Afterwards, although, their correspondence remained polite, Alfred gradually began to vent more of his frustrations to Russell (it would have been out of character for him not to speak bluntly). In a lengthy letter to Russell in 1946 (perhaps the last one he wrote to him), Korzybski said:
Some of my students in London told me some amusing gossips that my Science and Sanity was so against your grain that you threw the book into the Atlantic. Should this be true, it would be sad news, because your great work in Mathematical Foundations is at the very core of a non-aristotelian revision...Well, my dear Russell, your bloody ‘types’ if translated…and applied in daily life do work…Your behavior and platonic verbal fictions, no matter how clever, and ‘academic’, are read by few ‘intellectuals’, but they cannot be workable, and so cannot be applied in general education. Yet your ‘types’ gave a formulation in crisp terms. I worked it out in a language applicable to life, and when people are trained in it in childlike terms, which applied even to ‘mentally’ ill it works astonishingly…(14)

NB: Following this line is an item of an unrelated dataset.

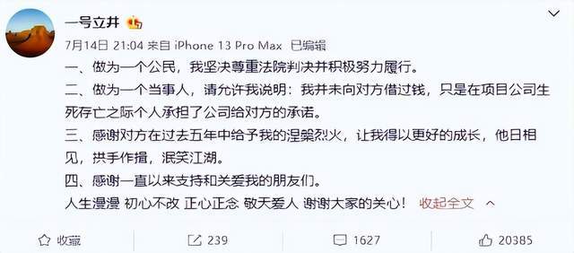 在去年7月份的时候,李亚鹏欠债4000万案就已经终审败诉了,当时他还发了微博回应了此案,表示会坚决尊重法院判决并积极努力履行,但心里头还是有点儿不服判决,觉得自己很委屈。
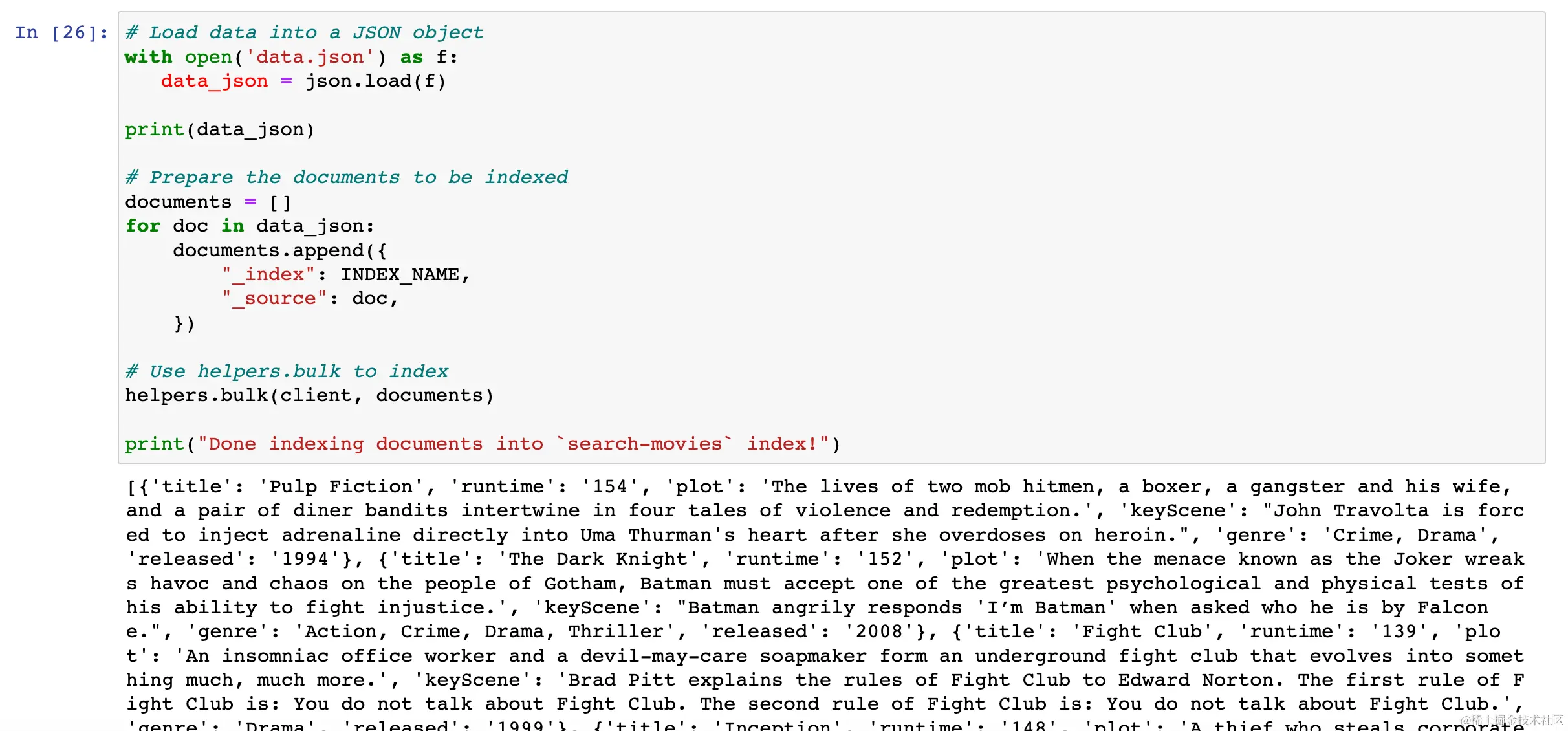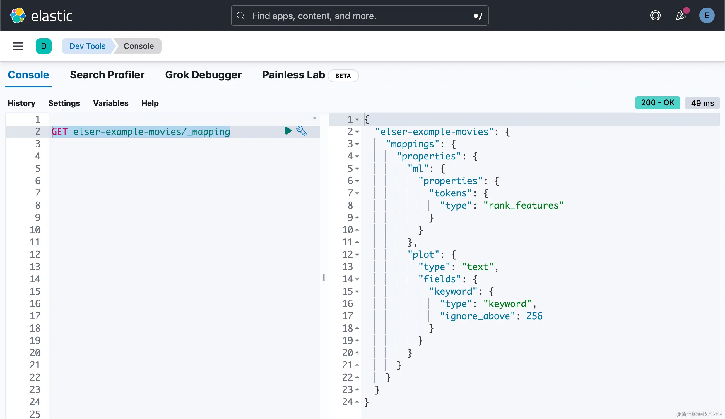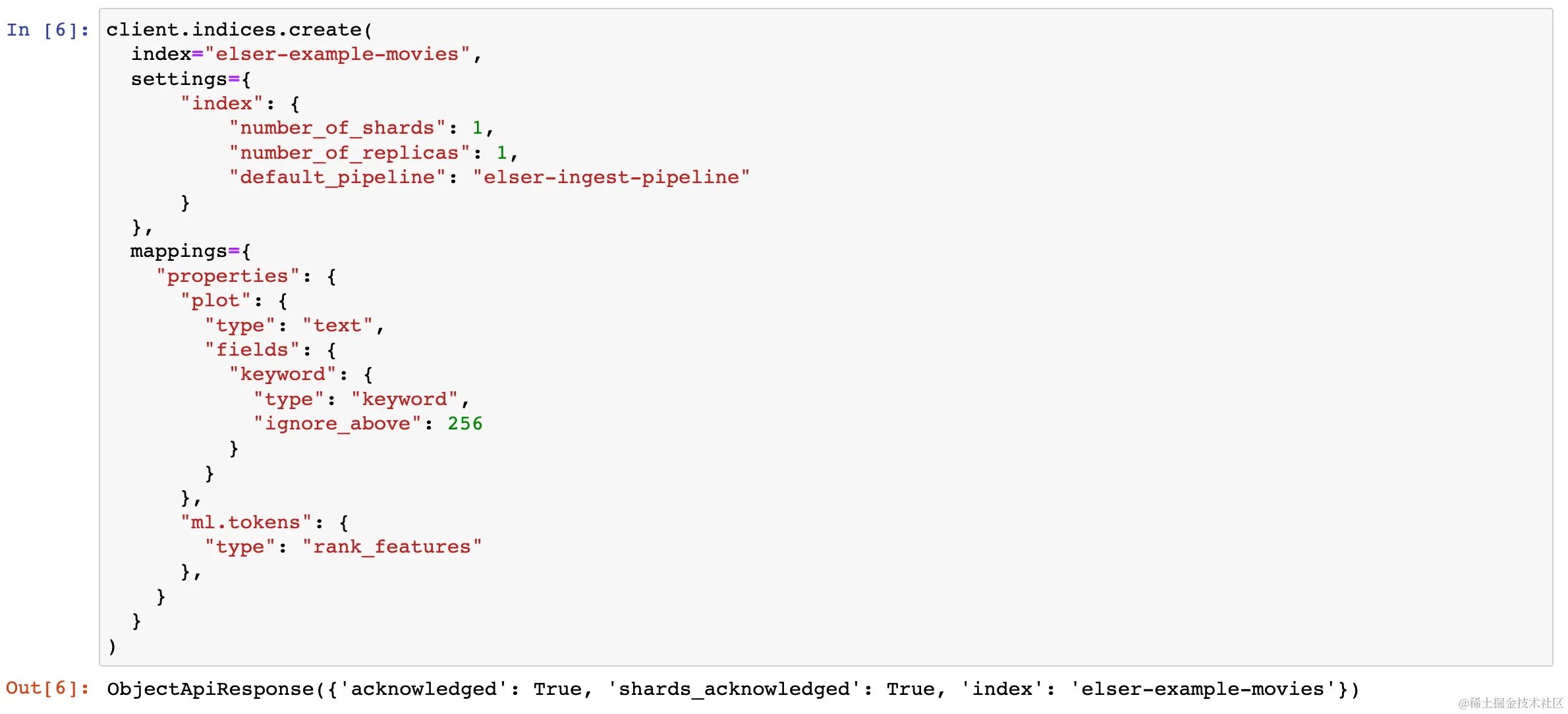 从上面的输出中,我们可以看到 elser-example-movies 索引已经被成功地创建。

In a short note, Russell told Korzybski he had heard the story too, but assured him that he had not thrown Science and Sanity into the Atlantic.(15) 

You may download a pdf of all of the book's reference notes (including a note on primary source material and abbreviations used) from the link labeled Notes on the Contents page. The pdf of the Bibliography, linked on the Contents page contains full information on referenced books and articles. 
10. B. Russell to AK (Telegram), 4/7/33. AKDA 25.551. 

11. In 1939 Russell wrote to Korzybski “I should like very much to know about the semantic definition of number that you mention [in a previous letter to Russell].” If Russell had read with any care either the page proofs or the published copy of Science and Sanity that Korzybski sent to him, then he would not have missed Korzybski’s suggested improvement upon Russell’s definition of number, discussed in detail in Chapter XVIII of Science and Sanity and mentioned in various places throughout the book. B. Russell to AK, 1/14/1939. IGS Archives. 

12. Russell 1919, p. 205. 

13. Philosopher Bryan Magee who got to know Russell toward the end of the great mathematical philosopher’s life, called him a genius for theory who “treated practical problems as if they were theoretical problems. In fact I do not think he could tell the difference.” Magee 1999 (1997), p. 210. 

14. AK to Russell, 7/27/1946. IGS Archives. 

15. B. Russell to AK, 8/9/[1946] IGS Archives.